▶ _Try it_:
Transcribe only what runs from the line containing "Hvit benk med" through the end of the listing, line for line and exactly, and omit the pictures.

▶ _The data_:
***

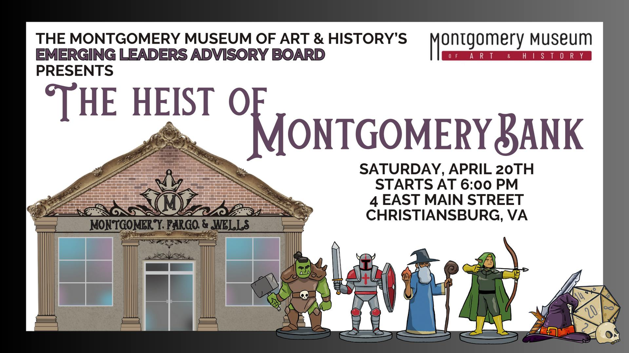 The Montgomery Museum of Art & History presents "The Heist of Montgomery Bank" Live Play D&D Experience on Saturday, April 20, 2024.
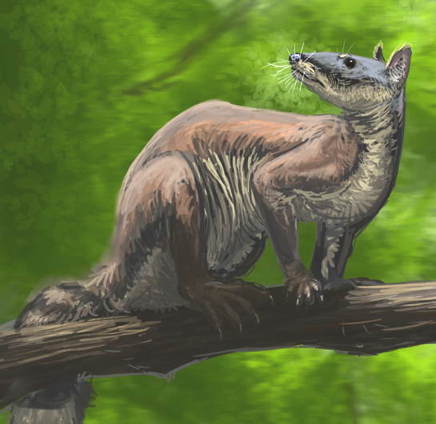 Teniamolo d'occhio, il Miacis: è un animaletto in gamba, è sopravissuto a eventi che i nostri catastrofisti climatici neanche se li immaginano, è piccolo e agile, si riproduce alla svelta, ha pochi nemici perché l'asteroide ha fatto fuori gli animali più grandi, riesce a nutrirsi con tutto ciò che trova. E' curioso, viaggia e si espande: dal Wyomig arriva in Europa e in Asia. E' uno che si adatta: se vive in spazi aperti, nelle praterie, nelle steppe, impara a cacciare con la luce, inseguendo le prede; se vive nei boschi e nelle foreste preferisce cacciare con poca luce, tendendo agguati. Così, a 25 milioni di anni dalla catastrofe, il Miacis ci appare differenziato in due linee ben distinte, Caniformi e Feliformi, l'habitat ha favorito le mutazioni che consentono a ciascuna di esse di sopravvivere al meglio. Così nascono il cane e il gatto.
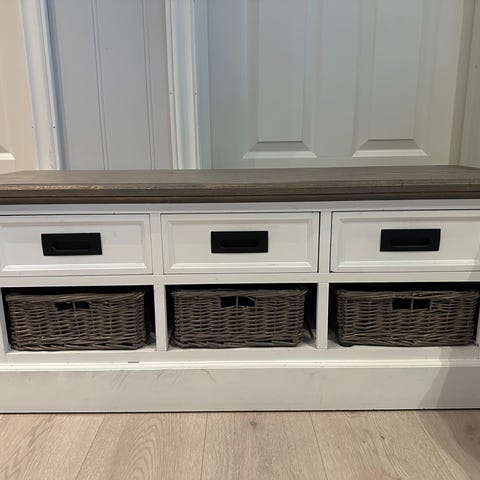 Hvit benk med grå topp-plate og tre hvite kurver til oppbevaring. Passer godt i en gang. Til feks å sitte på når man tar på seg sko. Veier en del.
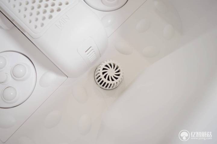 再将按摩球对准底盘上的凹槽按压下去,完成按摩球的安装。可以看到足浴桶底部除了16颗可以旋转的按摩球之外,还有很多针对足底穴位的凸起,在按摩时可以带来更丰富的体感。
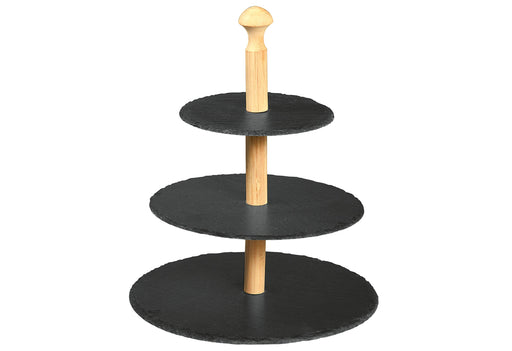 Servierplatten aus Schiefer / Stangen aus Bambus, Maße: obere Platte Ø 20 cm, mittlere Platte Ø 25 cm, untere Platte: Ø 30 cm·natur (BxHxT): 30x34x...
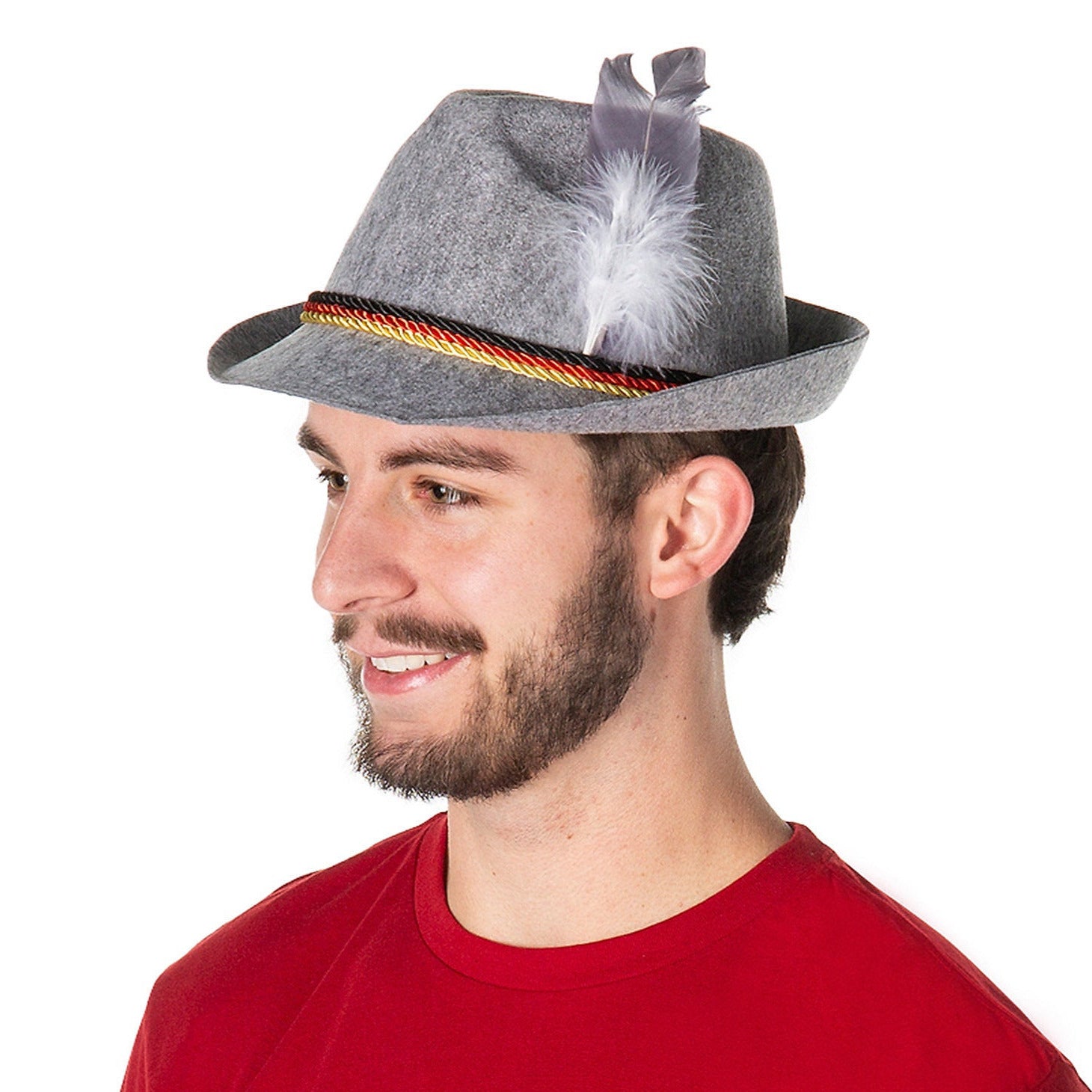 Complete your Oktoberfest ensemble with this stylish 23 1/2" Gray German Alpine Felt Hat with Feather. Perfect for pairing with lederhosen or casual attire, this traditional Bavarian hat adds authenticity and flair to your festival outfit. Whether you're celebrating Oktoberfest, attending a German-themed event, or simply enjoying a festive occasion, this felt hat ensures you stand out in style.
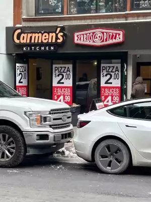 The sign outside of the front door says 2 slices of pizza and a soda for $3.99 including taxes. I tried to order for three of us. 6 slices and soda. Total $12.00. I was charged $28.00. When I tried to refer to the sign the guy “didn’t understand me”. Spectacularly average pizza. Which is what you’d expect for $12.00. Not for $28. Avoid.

***

▶ _Exercise output_:
 Hvit benk med grå topp-plate og tre hvite kurver til oppbevaring. Passer godt i en gang. Til feks å sitte på når man tar på seg sko. Veier en del.
 再将按摩球对准底盘上的凹槽按压下去,完成按摩球的安装。可以看到足浴桶底部除了16颗可以旋转的按摩球之外,还有很多针对足底穴位的凸起,在按摩时可以带来更丰富的体感。
 Servierplatten aus Schiefer / Stangen aus Bambus, Maße: obere Platte Ø 20 cm, mittlere Platte Ø 25 cm, untere Platte: Ø 30 cm·natur (BxHxT): 30x34x...
 Complete your Oktoberfest ensemble with this stylish 23 1/2" Gray German Alpine Felt Hat with Feather. Perfect for pairing with lederhosen or casual attire, this traditional Bavarian hat adds authenticity and flair to your festival outfit. Whether you're celebrating Oktoberfest, attending a German-themed event, or simply enjoying a festive occasion, this felt hat ensures you stand out in style.
 The sign outside of the front door says 2 slices of pizza and a soda for $3.99 including taxes. I tried to order for three of us. 6 slices and soda. Total $12.00. I was charged $28.00. When I tried to refer to the sign the guy “didn’t understand me”. Spectacularly average pizza. Which is what you’d expect for $12.00. Not for $28. Avoid.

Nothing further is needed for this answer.